Gestern sah ich „Watermelon Man“ von Melvin Van Peebles. Der Film dreht sich um einen weissen Mann in einer amerikanischen von weissen bewohnten Vorstadt lebt. Eines Nachts geht er ins Bad und stellt fest, das er schwarz geworden ist. Daraufhin versucht er alles wieder weiss zu werden. Der Film zeigt humoristisch welche sozialen Konsequenzenso etwas für einen Weissen in den 60ern gehabt haben könnte. Der Film ist eine Komödie bzw. Dramödie, Drama-Komödie – wie auch immer -interessant das es da im Deutschen kein richtiges Wort für gibt.
Der Film ist gespickt mit lustigen Sprüchen. Als es z.B. an der Tür klingelt und Jeff erschrickt sagt seine Frau „Jeff, The Kuckucks-Clan never rings the bell“. Der Film ist eigentlich ein aus einer afroamerikanischen Perspektive gedrehter Film der Geschichte – zwischen den Zeilen versucht er zu vermitteln, was afroamerikaner über Weisse denken und auch welche Erfahrungen für afroamerikaner damalsganz normalwaren. Z.B.die Szene in der Jeff wie jeden Tag hinter dem Bus herläuft, aber dieses mal wird er eingefangen, weil wenn ein Schwarzer läuft muss er ja was gestohlen haben.

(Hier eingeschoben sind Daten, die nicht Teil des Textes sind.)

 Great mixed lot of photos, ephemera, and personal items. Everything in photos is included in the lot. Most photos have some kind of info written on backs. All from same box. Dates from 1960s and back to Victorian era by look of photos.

Youtube hat offenbar im Moment den ganzen Film online. Ich verlinke hier nur einen Ausschnitt:
Die Qualität des Films ist schlecht zu bewerten. Es ist sicher kein großes Kino, aber sehenswert und lustig.
Neulich habe ich „Shadow of the Vampire“ (USA, 2000) gesehen. Kurze Zusammenfassung des Witzes der Geschichte: Dieser Film soll die „wahre“ Geschichte der Filmproduktion des Filmes „Nosferatu – Eine Symphonie des Grauens“ von F. Murnau darstellen. In dem Film ist der Schauspieler Max Schreck tatsächlich der echte Nosferatu. Kleiner Schönheitsfehler des Filmes ist, das die Biografien der echten Schauspieler nicht mit denen im Film übereinstimmen.

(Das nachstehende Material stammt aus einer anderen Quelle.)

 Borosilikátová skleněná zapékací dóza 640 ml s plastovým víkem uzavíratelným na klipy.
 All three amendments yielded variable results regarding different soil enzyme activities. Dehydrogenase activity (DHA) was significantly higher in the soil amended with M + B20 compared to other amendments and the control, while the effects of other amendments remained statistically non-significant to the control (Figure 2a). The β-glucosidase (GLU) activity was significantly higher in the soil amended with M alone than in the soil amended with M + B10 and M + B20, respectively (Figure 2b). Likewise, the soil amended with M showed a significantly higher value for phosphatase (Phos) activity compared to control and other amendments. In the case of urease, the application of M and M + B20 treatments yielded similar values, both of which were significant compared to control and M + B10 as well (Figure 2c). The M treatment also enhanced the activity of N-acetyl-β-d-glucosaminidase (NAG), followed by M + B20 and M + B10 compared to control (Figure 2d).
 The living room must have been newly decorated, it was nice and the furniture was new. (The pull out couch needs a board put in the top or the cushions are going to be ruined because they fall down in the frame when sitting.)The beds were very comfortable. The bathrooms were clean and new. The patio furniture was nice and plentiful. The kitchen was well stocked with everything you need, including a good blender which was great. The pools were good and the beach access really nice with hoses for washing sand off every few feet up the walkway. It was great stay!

Der Film ist kein Klassiker wie sein Bezugsfilm Nosferatu. Er lebt von der interessanten Idee, des „was wäre wenn…“. Die Schauspieler spielen alle recht gut – und die andere Seite, die man so vom Grafen Orlok bekommt gibt dem Film schon eine interessante Note.
Mir fällt auch kein vergleichbarer Film ein. Insofern ist er schon sehenswert. Es gibt aber einige Szene, die den Filmgenuss einschränken. Der Regisseur „Edmund Elias Merhige“ sagte mir nichts. Mit Jahrgang 1964 ist er auch noch relativ jung. Interessant wäre vielleicht mal zu sehen wie die Filme, die er danach gemacht hat. Ich habe gelesen das der Film „Begotten“ (1991) ein Kultfilm sein soll.
Also um die Frage zu beantworten, ob der Film sehenswert ist oder nicht: Ja, mit Einschränkungen. Für kritische Cineasten ist er nichts – aber für Leute, die z.B. Nosferatu kennen bzw. sehen wollen und sich für einen Film interessieren, der sich darum spinnt sicher ein MUST – in Bezug auf das eigene Urteil, was man sich bilden kann und auch in sofern, das er auf jeden Fall ein neues Licht auf ein älteres Werk wirft, auch wenn man dem Film vorwerfen kann, das er dem Bezugswerk nicht nahekommen kann. Aber dies vielleicht auch, weil „Nosferatu“ bereits eine Aura der Unnahbarkeit hat. Ich persönlich mag überwiegend Willem Dafoes Darstellung des Max Schrecks mit einigen Ausnahmen. Da mag es sein, das manche Szene eher lächerlich wirkt, weil der Regisseur nicht aufgepasst hat. Detauls entnehmt bitte den Links auf dieser Seite. In meinem Blog werde ich nicht eine komplette Handlung beschreiben. Mein Ziel ist es nur meine Erfahrung mit Filmen ganz bescheiden zu teilen. Und ich freue mich auch über kontroverse Kommentare. Wenn ich dem Film eine Schulnote geben sollte, so bekäme er eine 4+.
Hallo,
ich habe beschlossen, das ich noch ein Blog brauche – und zwar dieses mal für Filmrezensionen von Filmen, die ich sehe. Dies also eine sehr persönliche Sicht. Erwartet nicht zu viel Theorie.